In practice, human can perceive much more than ordinary sensors. The optimal way to obtain data may be that the data providers are unaware that they have provided essential sensing data to the Human Sensing System.
Human sensing is a branch of participatory sensing, and it applies the idea of using human as sensors to perceive the ground truth. Khan et al. [13] summarize mobile phone sensing systems. Participatory sensing systems are divided into personal, social, and public participatory sensing systems in this paper. Personal sensing focuses on personal monitoring, and such systems collect custodians information about his/her daily life patterns and physical activities, heart rate, blood pressure, sugar level, personal contacts and location, and so forth. Social sensing mainly shares information in social groups, and this is the main difference in contrast with the other two kinds of sensing. Public sensing is shared with everyone for public good; it senses the environment or events that the public wonders, such as traffic jams, sound pollutions, and temperature.
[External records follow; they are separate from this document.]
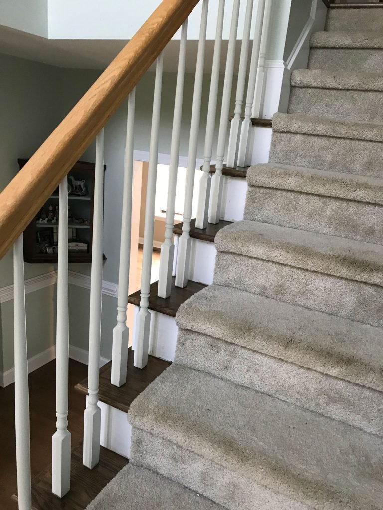 Removed carpet from Living Room and installed 3 1/4″ Red Oak. Sand and Finished entire downstairs with a mix of 50% Jacobean and 50% Classic Grey. Very classy looking stain color versus the old orange colored stain.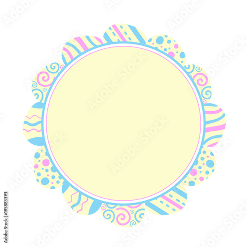 Illustration round frame of colored eggs. Easter holiday. Flat design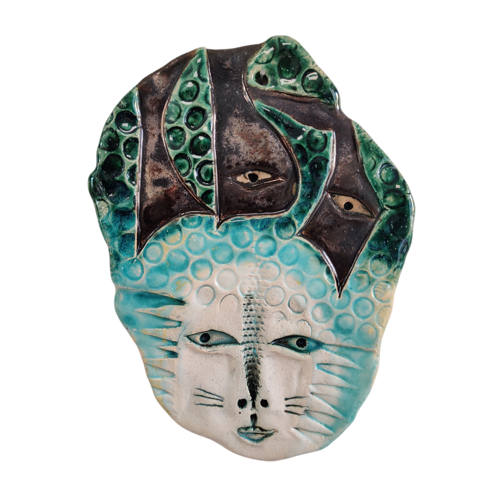 Et objekt til at hænge på væggen. Det er i lertøj, glaseret på den ene side og måler ca.17,5x13cm

However, most researchers have been focusing on how to construct novel participatory sensing systems, and they ignored how to make more people use these participatory sensing systems more frequently. Actually, it is a hard work to draw so many people's attentions to use a participatory sensing system. So how to make the current large scale network systems have the ability to sense is an interesting, useful, and hard problem to study. Nowadays, mobile social networks have never been so popular than before, and a lot of people would like to upload human sensing data to share what they see and hear in the daily life in mobile social networks. It will be much better if we utilize these data to extract meaningful information to serve others.
What has been proposed in this paper is a Location Aware Prediction Model regarding human as sensors, and words, images, and videos have been considered as the sensing data from “human sensors.” The system processing this kind of data can be regarded as Human Sensing System.
In the previous studies, Wang et al. [14] propose using human as sensors and elaborate how one model networked human sources as participatory sensor and how to predict whether a ground truth happened or not using an estimation-theoretic perspective.
Sakaki et al. treat users of twitter as social sensors to forecast earthquakes [15]. Zhao et al. reported their experience of using twitter to monitor the US National Football League (NFL) games currently [16]. Tumasjan et al. [17] tell us an interesting way to predict the elections using twitter. Mathioudakis and Koudas [18] present the Twitter Monitor, a system that performs trend detection over the twitter stream. The system identifies emerging topics on twitter in real time and provides meaningful analytics that synthesize an accurate description of each topic.
As the technology of communications progresses, present people desire to know more detailed information somewhere than before, so Location Aware Model for human sensing is needed to study well.
In this paper, a Location Aware Prediction Model in Human Sensing System is proposed to solve the problem of predicting the public events in a specific location, such as traffic jams and air conditions.
The problem whether the ground truth will happen or not has been treated as one of the joint maximum likelihood estimation problems, and the problem is solved by using the Expectation Maximization (EM) algorithm.
Expectation Maximization (EM) [19, 20] is a universal optimization method for finding the maximum likelihood estimation of parameters in a statistic model when the data are not complete. It iterates between two main steps (namely, the E-step and the M-step) until the estimation converges.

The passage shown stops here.